Quote from IndexTrader:
Recently, on another thread, Nitro indicated he's using a server-type machine(s).
Can someone point out some potential pro's and con's in using servers versus say, a higher-end PC for trading?
More stability against crashes and other such things?
Is it a lot more expensive to purchase/upgrade the hardware/software?
Do "regular" trading programs like tradestation, esignal and metastock run on servers the same as on a pc?
Thanks!
I use these machines because for the applications that I am running, my CPU is pegged at 98% utilization from 8:30 CST to 3:15 CST. This is on dual 2.4 Hyperthreaded Xeon server with 4GB of dual channel/interleaved DDR 2100 registered ECC RAM, with dual gig ethernet controllers and RAIDED 10000 RPM SATA drives.

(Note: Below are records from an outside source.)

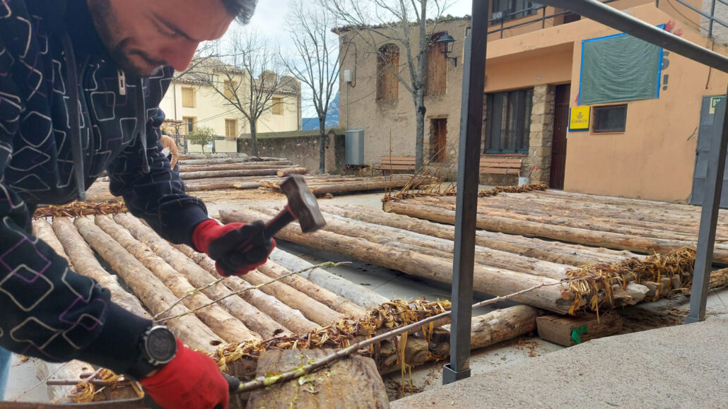JP.O. (Coll de Nargó).- L’Associació de Raiers de Coll de Nargó ultima els preparatius per la 35a edició de la Baixada, que tindrà lloc aquest dissabte, 30 de març. El cap de setmana abans, un grup de voluntaris va a Sant Joan de l’Erm a buscar bedoll. Aquest es porta a la plaça de l’Ajuntament, on es prepara per a poder lligar totes les bigues de cada tram. La idea, segons explica Josep Puig, vicepresident de l’Associació, és “recuperar tot el que es pugui de l’any anterior”. Aquest any però, han hagut de posar troncs nous, “unes 10-12 bigues”, continua Puig.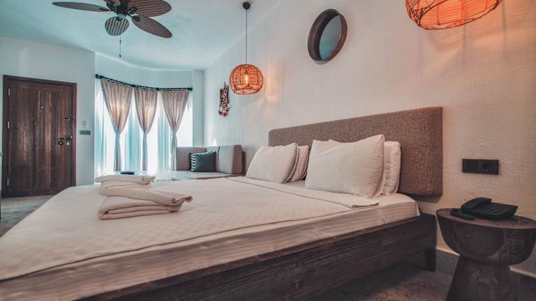 Die klimatisierten Zimmer im Beach 222 Ölüdeniz sind komfortabel und bieten einen Balkon mit Meerblick. Zur Ausstattung gehören ein Flachbild-TV, Handtücher und Bettwäsche. Hier können Sie sich entspannen und den Blick auf das Meer genießen.
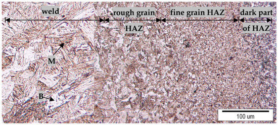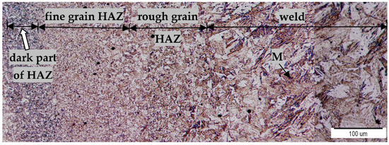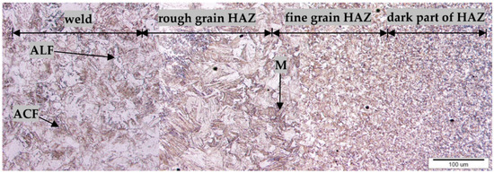 Figure 8 shows a microstructure of the weld obtained at the welding speed of 0.2 m/min, where in the microstructure of the weld ferrite (ALF, ACF) prevails, but there are also bainitic and martensitic grains present. Grains in the rough part of the HAZ are approximately 30 μm large and inside of them martensite is present. On the right site of Figure 8 fine martensitic grains and darker part of HAZ are shown, where proeutectoid ferrite and martensitic grains can be seen.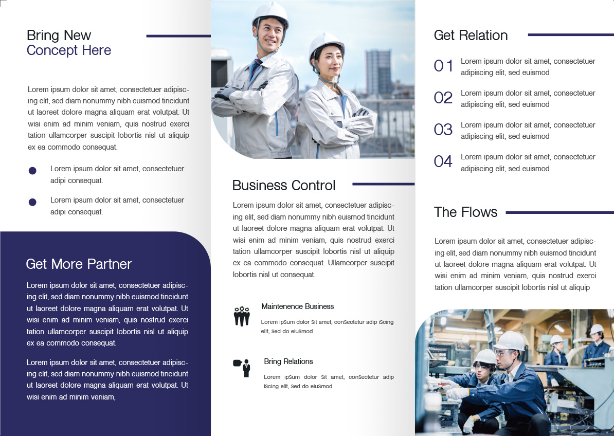 カラーや写真はサンプルです。業種などの制限なく制作できます。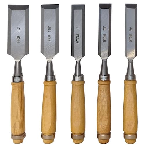 Kit 5 Formão para Entalhe 19 a 38mm Aço Forjado Profissional jogo de formões goivas para entalhe em Madeira para HTOM. Lâminas fabricadas em especial para maior durabilidade e resistência. - Marca: HTOM - Referência: HTOM-F52 - 1 Formão 3/4 Pol. 19mm - 1 Formão 7/8 Pol. 22mm - 1 Formão 1 Pol. 25mm - 1 Formão 1-1/4 Pol. 32mm - 1 Formão 1-1/2 Pol. 38mm - Comprimento Total: 240mm - Comprimento da Lâmina: 90mm - Espessura da lâmina: 4,5mm - Lâmina Fabricada em aço forjado de alta resistência e durabilidade - Lâminas fabricadas em especial para maior durabilidade e resistência. - Lâminas chanfradas, polidas - O formão é Utilizado para recortar e aparar pedaços de madeira. É muito Utilizado no ajuste e nos encaixes das peças de madeira que formam um móvel. - Cabo em madeira que proporcionam maior durabilidade e precisão na realização dos reparos - Indicada para uso em artesanatos, entalhes, molduras, esculpir madeira, resina, gesso, argila e trabalhos técnicos em escolas de arte - : 90 dias Ean: 7734625902106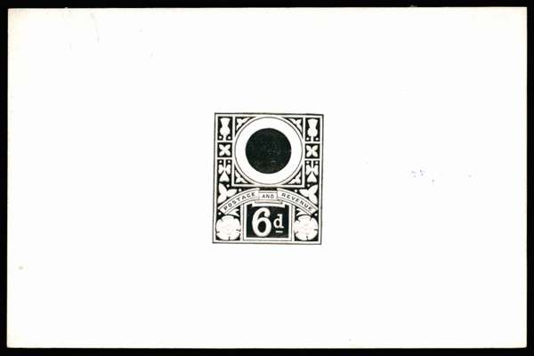 1887 6d "Jubilee" Die proof. Very fine embossed die proof of the Type B unadopted design with head area void, numerous minor differences can be seen to the issued design the most obvious of which is the additional line under the "d" of 6d. Very scarce. Ex. "Verus".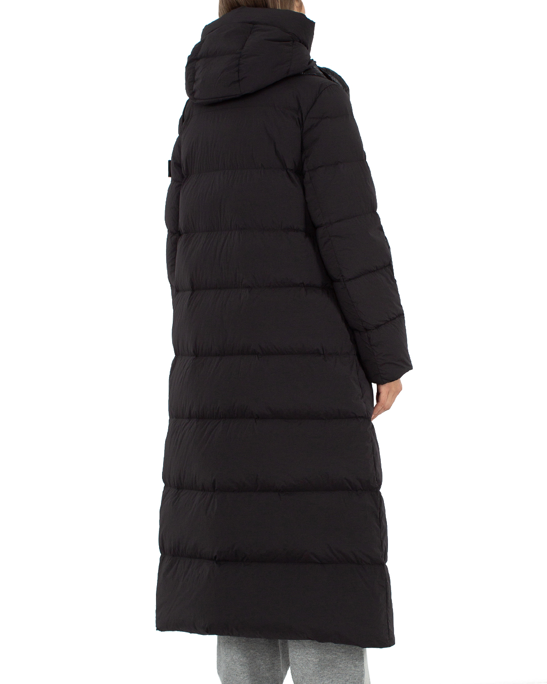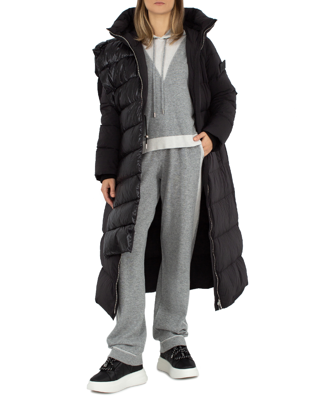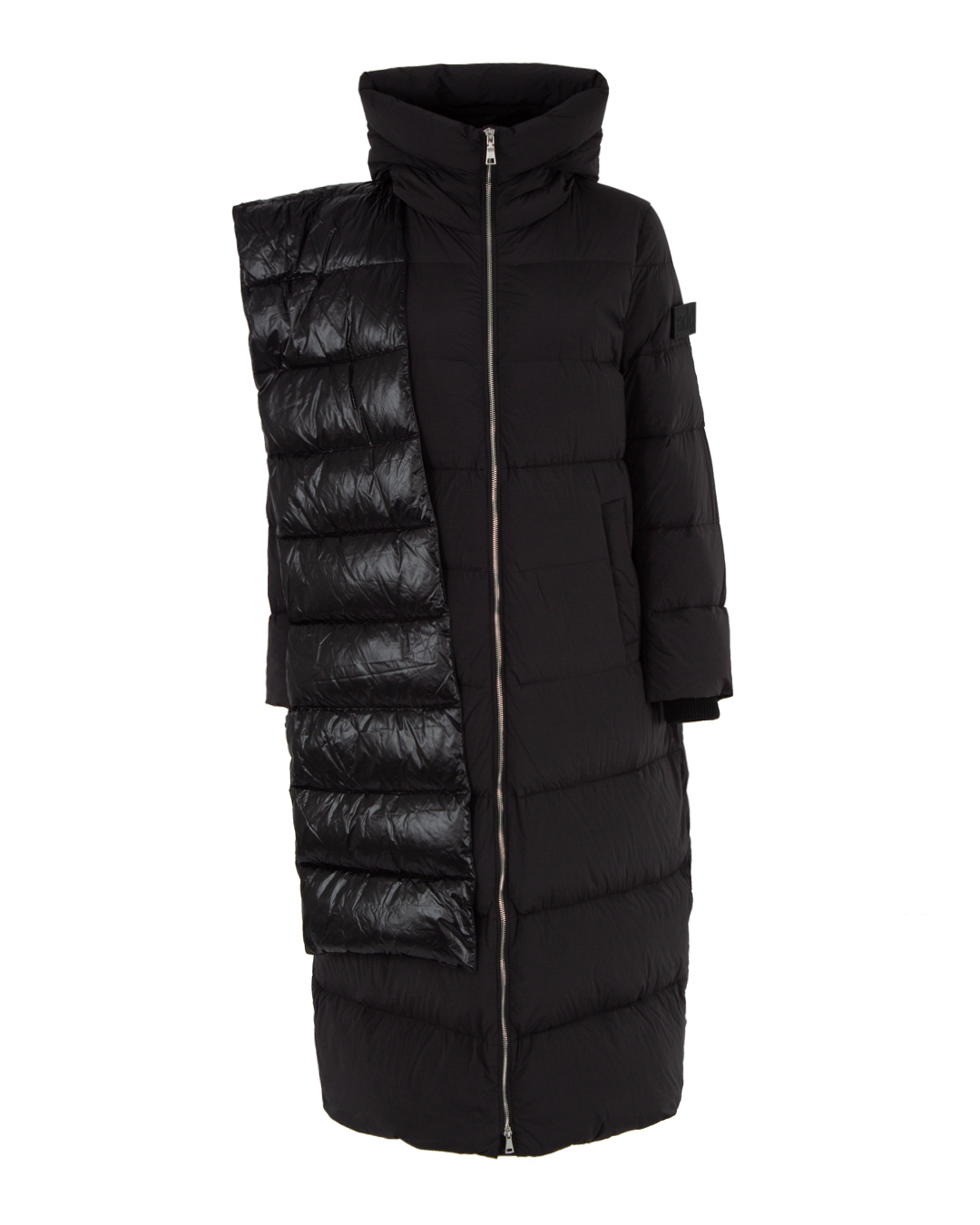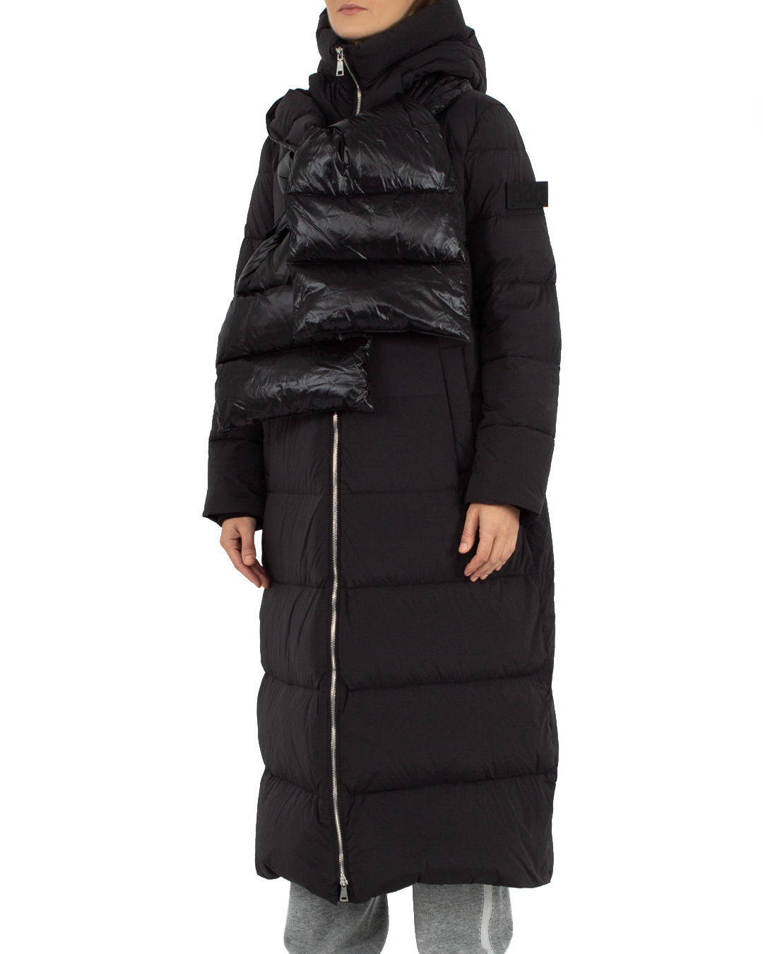Пальто-пуховик ADD из прочного нейлона утеплено пухом и пером. Модель прямого дутого силуэта с застежкой на молнию. Пуховик дополнен карманами и съемным дутым шарфом из глянцевого нейлона.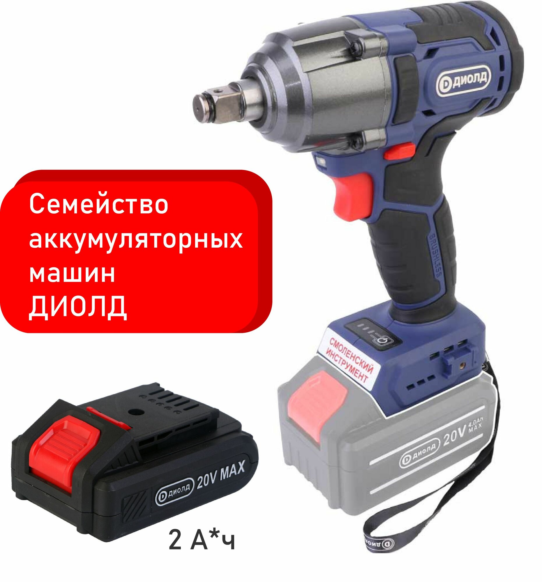Аккумуляторный ударный гайковерт диолд ГА-20ЛИ-01 (10300031), 4 А·ч

ECC RAM, also known as parity RAM, is actually slower than standard RAM. It is used on high end servers because it is better to be slow, then to act on bad information.
Soon, I will be replacing the 2.4's and moving up to dual 3.2 Xeons on this machine, hoping to get the CPU utilization down under 90%. It is really bad to have an Operating System like Windows 2000, that is not a deterministic response OS, pegging the CPUs that high. A fast market and the two CPU's (in a sense 4, since my applications are multi-threaded and I have hyperthreading turned on making it look like I have four CPUs to windows 2000) in the machine go to 100% utilization and the mouse won't even respond - not good.
If you go to the task manager and you are utilizing say, 50% of your CPU(s), spending more money on horse power will do you no good.
Servers systems do have higher grade components in them. They won't necessarily run standard apps any better than a run of the mill machine. However, start throwing 30,000 quotes a second at a machine, have it store the data to disk, add the need to analyze that data as fast as possible and act on it, perhaps have to put 400 orders on the wire in seconds or in some cases fractions of a second, and you may crash a normal PC, while a high end server will just eat it up.